Seattle’s most significant injury came to Ernest Jones, whose knee bent the wrong way on a second-quarter tackle. He did not return and Macdonald expressed only light concern postgame, calling the situation “not season-ending.” Which won’t stop everyone from holding their breath with every injury report between now and that date with the Rams on November 16.
A statistical note before Predator and Prey. The box score will forever scream “153 rushing yards allowed by Seattle,” but before the game was decided at 28-0, Washington managed all of 31 yards on ten carries. The Seahawks run defense came in as an elite unit, averaging 3.3 ypc against. They did nothing to dispel that dominance, which the Rams, Niners and Colts will test far more stringently in December.
PREDATOR
947 yards through eight games? Six hundred-yard days to tie Steve Largent’s franchise record for most in a single season? Jaxon Smith-Njigba is having an MVP season too. Incidentally, he’s on pace for 2,012 yards.
PREDATOR
Byron Murphy has made the leap. Another half sack, another day of profiting from the double-teams on Big Cat, another day of justifying his draft position and growing into the role Macdonald has crafted for him. He just moves different and offensive linemen can’t keep up.
PREDATOR
Nick Emmanwori looks less and less like a rookie with each passing quarter. He’s the wrong size for opposing receivers, nastier than most tight ends, and an excellent blitzer already. Here’s what I mean by the wrong size:
PREDATOR
Tariq Woolen, for multiple plays in “relief” of Josh Jobe, but mainly for this LOB-adjacent attitude (flawless time to take this exact penalty too, no notes):
PREDATOR
What is there left to say about Sam Darnold’s night.
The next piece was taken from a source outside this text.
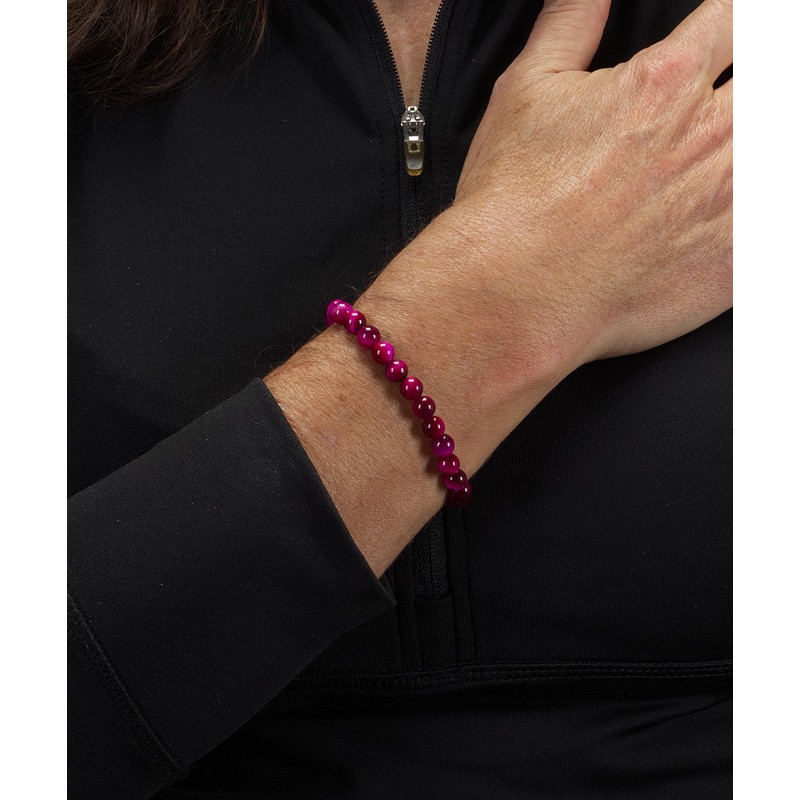 - CONTAINS: A pink tiger’s eye bracelet made with 6mm semi-precious beads packaged inside a protective cloth drawstring pouch. Tiger’s eye is member if the quartz family. It has chatoyancy, a property which gives it the appearance of having light coming from within the stone. This is the pink dyed variety.

Seventeen straight completions to put the game away. Almost 14 yards an attempt. Continued mind-meld with JSN. Channeled Good Russ for one play, that sack-negating shovel flip to Charbonnet for 21. Generally you want to stop after one homage to RW, and Sam gets it.
PREDATOR
The entire Seahawks offensive line held the Commanders to one QB hit, no sacks, and more pockets were clean than not. Football is a group project and they were as crucial to the win as the so-called skill positions.
PREDATOR
You didn’t think I’d forget Tory Horton, on the day he announced himself to the world and sent millions of fantasy owners scurrying for his services, did you? Man has five touchdowns now, one for every round he had to wait to hear his name called in the draft. Stay angry Tory, it’s an honorable tradition among overlooked Seahawks receivers.
HONORARY PREDATOR BECAUSE AWESOME THAT’S WHY
Obviously Leo Williams. His shoestring tackle to prevent Daniels from converting 4th and 15 didn’t change the game, but sure made it less stressful in the end. Another sack. Another evening of drawing double teams to give his teammates open lanes. He’s going to have one of those monster Big Cat games in November. Safest prediction ever.
Who cares about preys. Next week maybe.
With new dreams of imminent contenderhood, Seahawks fans are left to wait on Jones news, hope the team carries all that swagger into the Cardinals game and re-establishes home-field advantage. Which might be the only missing ingredient for a deep playoff run. As far as the Hawks will go, let us go with them.